21 Exploratory Data Analysis: Summary Statistics

Let’s continue our discussion of Exploratory Data Analysis. In the previous section we saw ways of visualizing attributes (variables) using plots to start understanding properties of how data is distributed, an essential and preliminary step in data analysis. In this section, we start discussing statistical, or numerical, summaries of data to quantify properties that we observed using visual summaries and representations.

Remember that one purpose of EDA is to spot problems in data (as part of data wrangling) and understand variable properties like:

central trends (mean)
spread (variance)
skew
suggest possible modeling strategies (e.g., probability distributions)

We also want to use EDA to understand relationship between pairs of variables, e.g. their correlation or covariance.

One last note on EDA. John W. Tukey was an exceptional scientist/mathematician, who had profound impact on statistics and Computer Science.
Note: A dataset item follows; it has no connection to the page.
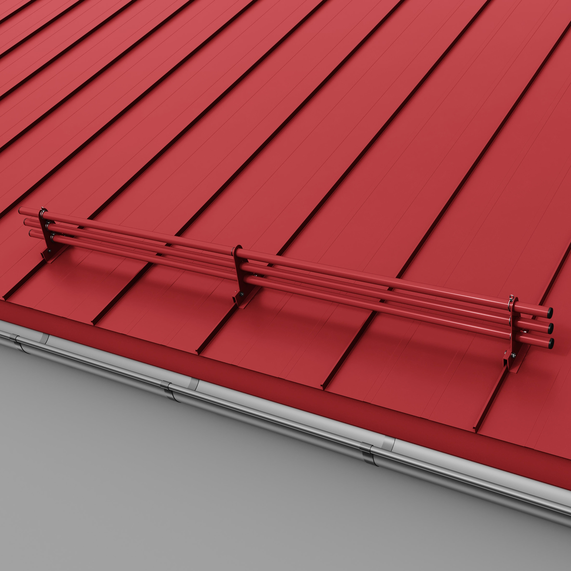 Kompletny zestaw ochrony rurowej RABEK składa się z rury i uchwytów. Uchwyt przykręcamy do rąbka stojącego tak, aby ruchomy element klamry dopasował się do zamka blachy. Klamrę wspornika zamykamy poprzez skręcenie jej śrubami zamkowymi M8x35. Ze względu na ograniczony dostęp do nakrętek zalecane jest użycie klucza grzechotki z nasadką nr 13. Montaż rury do uchwytu nie wymaga stosowania połączeń śrubowych. Liczba uchwytów potrzebnych do zamontowania rury zależy od kąta nachylenia dachu (im większy kąt, tym większa liczba uchwytów) oraz długości połaci. Dla dachów o długości połaci powyżej 6 m należy zwiększyć liczbę uchwytów lub zastosować drugi rząd ochrony rurowej.

A lot of what we cover in EDA is based on his groundbreaking work. I highly recommend you read more about him: https://www.stat.berkeley.edu/~brill/Papers/life.pdf.

21.1 Range

Part of our goal is to understand how variables are distributed in a given dataset. Note, again, that we are not using distributed in a formal mathematical (or probabilistic) sense. All statements we are making here are based on data at hand, so we could refer to this as the empirical distribution of data. Here, empirical is used in the sense that this is data resulting from an experiment.

Let’s use a dataset on diamond characteristics as an example.

data(diamonds)

diamonds %>%
  ggplot(aes(x=depth)) +
    geom_histogram(bins=100)

(Here’s some help interpreting these variables: https://en.wikipedia.org/wiki/Diamond_(gemstone)#Gemological_characteristics).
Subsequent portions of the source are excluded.